The Aztec-Digest repository contains code for the PDF upload service. It is a web-platform that enables users to upload publications (in PDF format or provide a PubMed Central ID) to the Aztec database. The service will extract relevant metadata from the publication and store the metadata in the database.
- Java (Version 1.8)
- Spring Boot
- Thyme Leaf
- Maven (All required dependencies are found in the pom.xml)
- Use Maven to get dependencies
- This project uses Spring Boot to create the web service
- /pdfs: Folder where PDFs are uploaded. (The PDFs are automatically deleted after processed)
- /src: All source code
- /main: Code for web platform
- /java
- /attributes: code used to extract different attributes from the text
- /web: code for creating web platform
- /resources
- /templates: html pages for web platform
- application.properties: The configurations for Spring Boot
- data.json: A list of all tools and metadata in Aztec database (this file will need to be updated often to include newly added tools)

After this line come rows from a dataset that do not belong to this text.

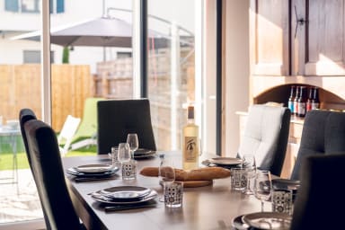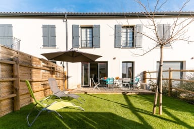De retour à la villa, on profite d’un cadre serein : vaste terrasse pour les dîners sous les étoiles, jardin verdoyant pour jouer ou bouquiner, et deux places de stationnement privées pour un quotidien sans stress. Boutiques, boulangerie, primeurs, restaurants et services sont accessibles en quelques minutes.
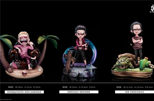 DX StudioResin + PUDonquixote Doflamingo: 18W(L) * 16D(D) * 11H(H) EstimatedDracule Mihawk: 11.5W(L) *9.5D(D) *13.4H(H) EstimatedSir Crocodile: 10W(L)*9D(D)*12.8H(H) EstimatedLimited to 99pcsShipping Date:Q1-2, 2026 Estimated
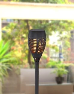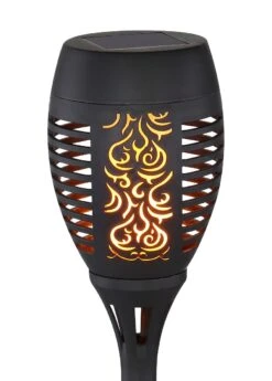 Und die Installation? Schalten Sie die Leuchte mittels Schalter ein und setzen Sie die 50cm große schwarze Erdspießleuchte aus Kunststoff ganz einfach in den weichen Gartenboden. So schnell ist die Gartenfackel installiert.
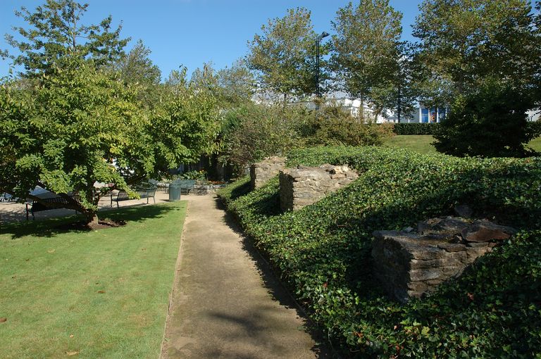 Vue des vestiges des fortifications d'agglomération de Brest dans le square Mathon : escarpe de la demi-lune de Landerneau datant de la fin du 17e siècle et porteImmatriculation
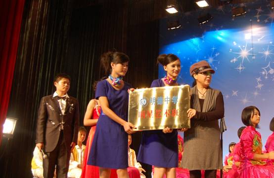 2009年10月22日,著名歌唱家李谷一(前右一)为明德中学颁发“明星艺术班“牌匾
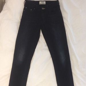 Gently worn 25/32 designer Acne Studios denim! This item is classified under their "Flex" line of jeans as "Flex Basement". It is a mid rise, slim fit, slim leg, narrow hem, 5 pocket, zip fly item.

- docs.txt: A list of descriptions of each tool separated by newline. Note: The description of each tool must be stripped of all newlines.
- model.zip: The binary file for the Doc2Vec model. Generated using the trainD2V function in DupDetector.
- smtp.properties: The configurations needed for email service to work.
- /java
- /test: Code for testing
- /java: All test code
- /resources
- /pdfs: 100 PDFs from Bioinformatics that can be used for testing
- dup_test.json: A JSON object of a tool used to test the correctness of the Duplicate Detection functionality.
- test.json: A list of the 100 tools with their extracted metadata. This file can be used to compare accuracy of the extracted metadata fields.
- /main: Code for web platform
- pom.xml: Contains configuration information (including dependencies) needed by Maven to build the project.